OTTAWA (Reuters) - Canada posted a narrower-than expected trade deficit of C$983 million ($691.57 million) in February as exports rose on a surge in aircraft shipments and imports declined on lower demand for crude oil, official data showed on Friday.
Analysts polled by Reuters had forecast a shortfall of C$1.87 billion. Statistics Canada revised the January deficit figure to C$1.66 billion from an initial C$1.47 billion.
“It’s a positive headline surprise for February,” said Stephen Tapp, deputy chief economist at Export Development Canada in an interview, but cautioned it was unlikely to continue.
“This reflects the start of the COVID-19 impacts in China and spreading throughout the world, but it’s certainly going to get worse before it gets better,” Tapp added.
The Bank of Canada cut its overnight interest rate by half a percentage point, to 0.25%, for the third time in a month on Friday as officials try to shield the Canadian economy from the impact of the coronavirus outbreak.[L1N2BK1KE]
Statistics Canada has said repeatedly it is monitoring for the possible impacts of the coronavirus outbreak on Canada’s economic data, including on the trade front, which the agency says could be significantly affected.
However, the coronavirus outbreak, which causes the respiratory illness COVID-19, did not appear to have a major impact on the February data, Statscan said on Thursday, despite reduced trade with China.
Imports from China, the agency said, fell for a second consecutive month, dropping 6.8%, largely on lower shipments of items including computers, cellphones and clothing. Exports to China also declined, down 6.4%, notably on lower exports of lobster and crab.

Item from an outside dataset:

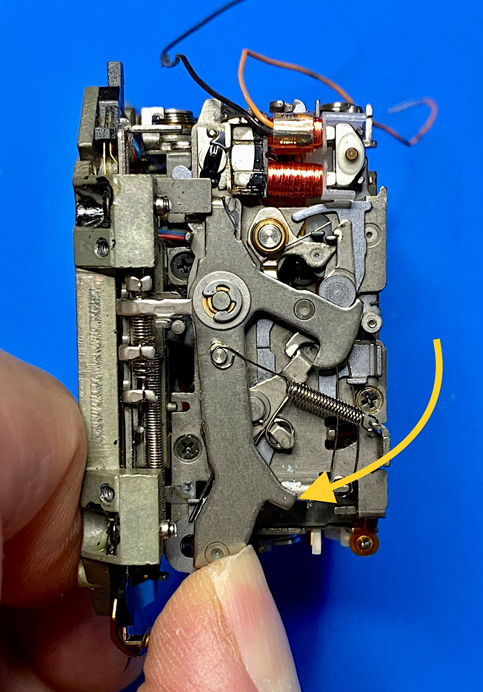 Dieses System ermöglichte aufgrund der geringeren Trägheit des neuen Systems erstmals die Verwendung der sehr schnellen Zeit von 1/4000 Zoll, setzte die Maschine jedoch dem Problem der permanenten Magnetisierung des Ankers aufgrund langer Inaktivität aus Folglich ist es dem Magneten nicht möglich, ihn freizugeben.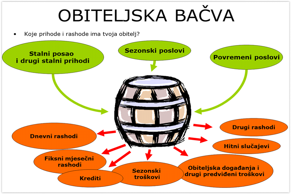 To je vaša „obiteljska bačva“. U nju se ulijevaju prihodi kućanstva, a kroz rupe cure troškovi i prazne bačvu.

Meanwhile, Statscan said the value of overall Canadian exports rose 0.5% in February, largely on higher shipments of private jets, with 8 of the 11 product sections tracked by Statistics Canada posting increases. Exports of aircraft rose 46.8% in February, reaching their highest level in five years.
Imports fell by 0.8%, largely on lower crude oil imports, with declines observed in 7 of the 11 product sections. Statscan said imports of energy products fell 16.0%, with lower crude oil from the United States contributed to the most to the February decrease.
Canada’s trade surplus with the United States, it’s largest trading partner, widened to C$3.75 billion from C$3.40 billion in January, Statscan noted.